The Richardson team arrived in Naypyidaw on November 1st, and by then Danny Fenster had been languishing in his cell for five months. He was held alone, sleeping on a wooden pallet. Breakfast was a watery bean broth with rice served from a bucket. After the door clanged open, at 7 A.M., he was free to mingle with the other inmates who shared his cell block or to exercise in a small courtyard, which he did by running figure eights or lifting concrete weights. Dinner, served around three-thirty, following an afternoon lockdown, was the same bean stew, a piece of chicken, or a few hard-boiled eggs. Fenster spoke to his family periodically, but mostly kept up his spirits by reading. He awoke each morning before dawn so that he could read undisturbed for several hours before the guards arrived.

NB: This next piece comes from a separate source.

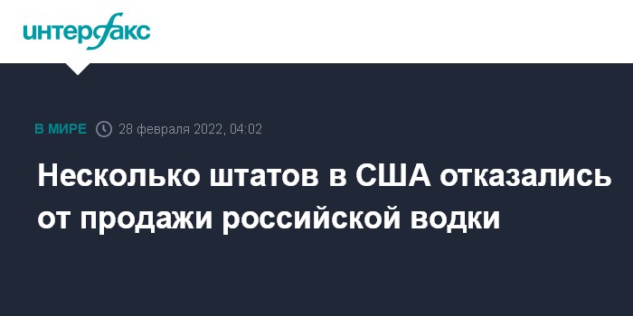Москва. 28 февраля. INTERFAX.RU - Несколько штатов США приняли решение снять с продажи российскую водку из-за военной операции РФ на Украине, сообщает CNN.

In the beginning of his captivity, Fenster, communicating via his lawyer, asked Silva to include specific books in the regular care packages that she was able to send him. She often had to order them from Japan or Thailand, a process that took several weeks. Fenster devoured Jonathan Franzen’s “The Corrections” and Tara Westover’s “Educated,” but it was David Foster Wallace’s “Infinite Jest” that made a powerful impression on him. He read it with a pen in his hand, scribbling notes in the margins whenever he found parallels with Buddhist philosophy and its message that suffering is bearable because it lasts just an instant. “It’s only when you think about the future, and how long it will be, that it becomes intolerable,” Fenster recalled thinking. This outlook sustained him for the first few months, but as the weeks dragged on he grew depressed. I’m never going to leave this little square, with this little garden, and this little court, he thought.

Richardson and his team had two days of talks with ministers from the military government, and they kept the conversation focussed on humanitarian assistance. The meetings, captured by a government photographer, took place in a gilded hall inside the Presidential palace. As the end of the visit approached, Richardson asked to meet alone with the junta leader, General Min Aung Hlaing. For the first few minutes, the two men chatted with the help of a translator. Richardson requested the release of a Burmese former employee of the Richardson Center named Aye Moe. The general responded positively. Richardson then ignored the State Department’s instructions and brought up Fenster’s case. The general said that securing the American journalist’s release would take time and that he would need Richardson to return to Myanmar. When Richardson was later asked by a reporter if Fenster had come up, he dodged the question, saying only that the State Department had asked him not to raise the issue.